SkillReducer finds widespread verbosity and missing routing descriptions in public skills, and compresses descriptions and bodies while slightly improving quality.Track token cost and keep skill descriptions sharp. Compression is a quality feature, not only a cost feature.
SkillRouter shows routing quality drops sharply when the skill body is hidden from retrieval in large overlapping registries.For large registries, use full-text indexing or body-aware reranking offline, then inject only the selected skill at runtime.
AgentSkillOS shows tree-based retrieval and DAG-based orchestration outperform flat skill invocation at ecosystem scale.When private and marketplace skill counts grow, organize skills hierarchically and compose them as workflows instead of dumping more choices into context.
Wild skill-usage studies show benefits become fragile when agents must retrieve from large uncurated skill pools, but query-specific refinement can recover performance.Per-wallet improvement should refine skills against the exact recovered question and nearby real tasks.
Skill-Inject and related security papers show malicious skill files can trigger harmful tool use, data exfiltration, and supply-chain attacks.Skills must be treated as executable supply-chain artifacts, with provenance, scan, trust, and permission boundaries.

Primary sources:

Benchmarking With Real GitHub Work

The ai_research benchmark infrastructure is the measurement layer for research-grade evaluation of code-facing skill changes.

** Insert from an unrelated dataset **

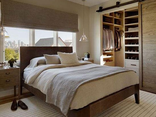 假如臥室戶型比較方正或為細(xì)長型的,可直接按照自己的需求與實際情況在臥室專門劃一片空間規(guī)劃為步入式衣帽間,施工量不大,寬廣且空氣流通好。

The strongest evaluation path is TDD-verified GitHub replay:

  1. Pick a real closed issue or merged PR.
  2. Pin the base commit and close commit.
  3. Author a narrow test that fails at the base commit and passes at the close commit.
  4. Replay the same task with the baseline skill set and the candidate skill set.
  5. Promote only if the candidate improves or preserves red-green correctness, does not over-engineer the diff, does not introduce security risk, and does not exceed cost limits.

This gives RickyData a legitimate research track rooted in actual development work instead of synthetic preference scores alone. The admin A/B system remains useful for answer quality, while code-facing skills use execution-based gates when a task has testable repository behavior.